Proximo para dental, por favor! Next for dental, please.
That was my oft-repeated phrase and, try as I might, probably spoken with a decidedly non-Spanish accent.
I was given the task of coordinating the incoming patients for the mobile dental clinic during our Corner of Love (see last week’s Church Corner) medical-dental trip to Nicaragua in January.
Being way too familiar with dental visits in my life, I could feel the anxiety of the patients as they handed me their Corner of Love clinic cards. They weren’t there for an annual check up and cleaning. Most had abscessed teeth, gum infections and oh, how their mouths must have hurt.
We were blessed to have three dentists on the trip, two from the Plateau and one from Everett. Our team went out each day as we visited five remote villages with our mobile clinic. Each morning we packed the pickup with all the dental gear, chairs, lights, portable drills, dental instruments and supplies, tables and sanitizing equipment. At the end of each day, we packed up and resupplied for the next day.
There were five of us working with the dentists, setting up dental trays, coordinating patients, handing equipment to the dentists and field sanitizing the instruments. Only one of the support crew had any experience as a dental technician. The rest of us were ordinary, everyday folks. Having a heart to serve was as important as a dental certificate.
The three dentists saw more than patients in the five hours a day we offered the clinic. Fillings took time and work, but those were rare. Most of the patients needed more than one extraction.

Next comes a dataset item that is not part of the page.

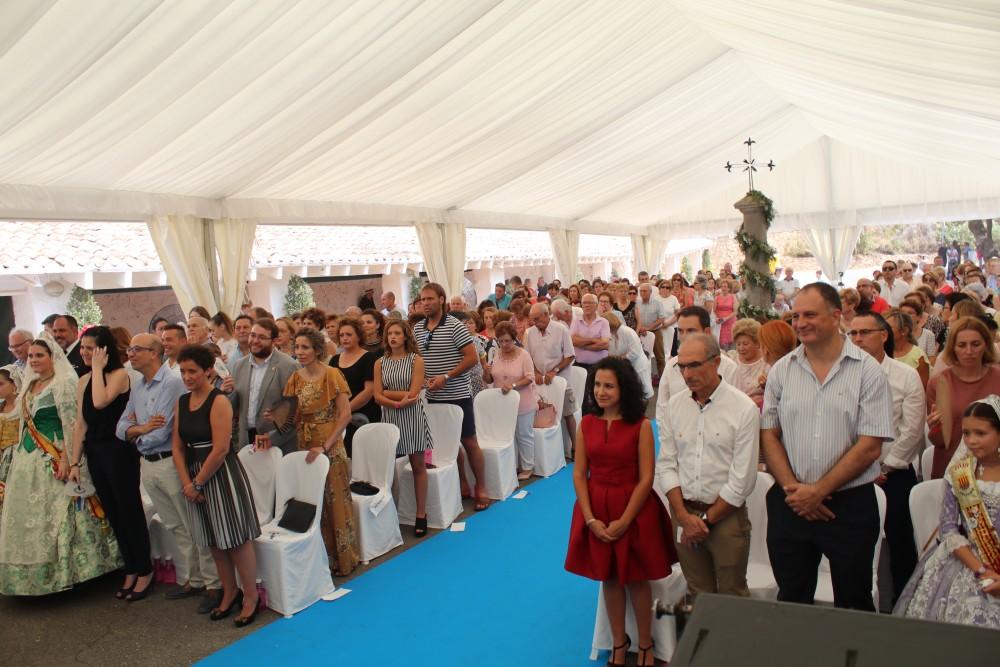 La misa de las 12 horas en El Salvador, que por primera vez se ha oficiado en el exterior de la ermita, ha reunido a centenares de devotos que han querido honrar al Patrón en el día grande de Onda. El Ayuntamiento ha habilitado una carpa con sillas y ventiladores con el fin de ampliar el aforo hasta las 300 personas sentadas, en vez de las 60 que caben en el interior de la Iglesia y que siempre se desbordaba.

Our portable autoclave to sanitize the dental instruments broke down the first day, so instruments could only be used once and had to be sanitized with a long boiling procedure at night. More than once we were down to the last clean instrument.
I remember one 9-year-old boy. He sat in the chair and opened his mouth. His teeth had black holes through them.
There is little if any electricity or refrigeration and the drinking water is not good. So the kids drink Coke and Pepsi. Sugar is inexpensive and I saw many kids sucking on small bags of sugar. And their teeth, or what was left of their teeth, showed the effects.
Corner of Love is working with the 60-plus villages they serve to put in safe drinking water systems and is building a permanent medical-dental clinic, centrally located, to better serve the poor people of the remote villages. They are building classrooms in the complex to teach village leaders about oral and general hygiene. There is much to do to improve the lives of these proud, rural people and they are eager to learn.
We didn’t keep track of the number of teeth pulled, but our dentists did a remarkable job of helping people in the most difficult of environments, working on dirt floors with an occasional chicken or pig checking us out. You can check out the opportunity of a lifetime to serve some wonderful, but oh so poor people at www.corneroflove.org.
Open your heart wide and experience the kingdom of God.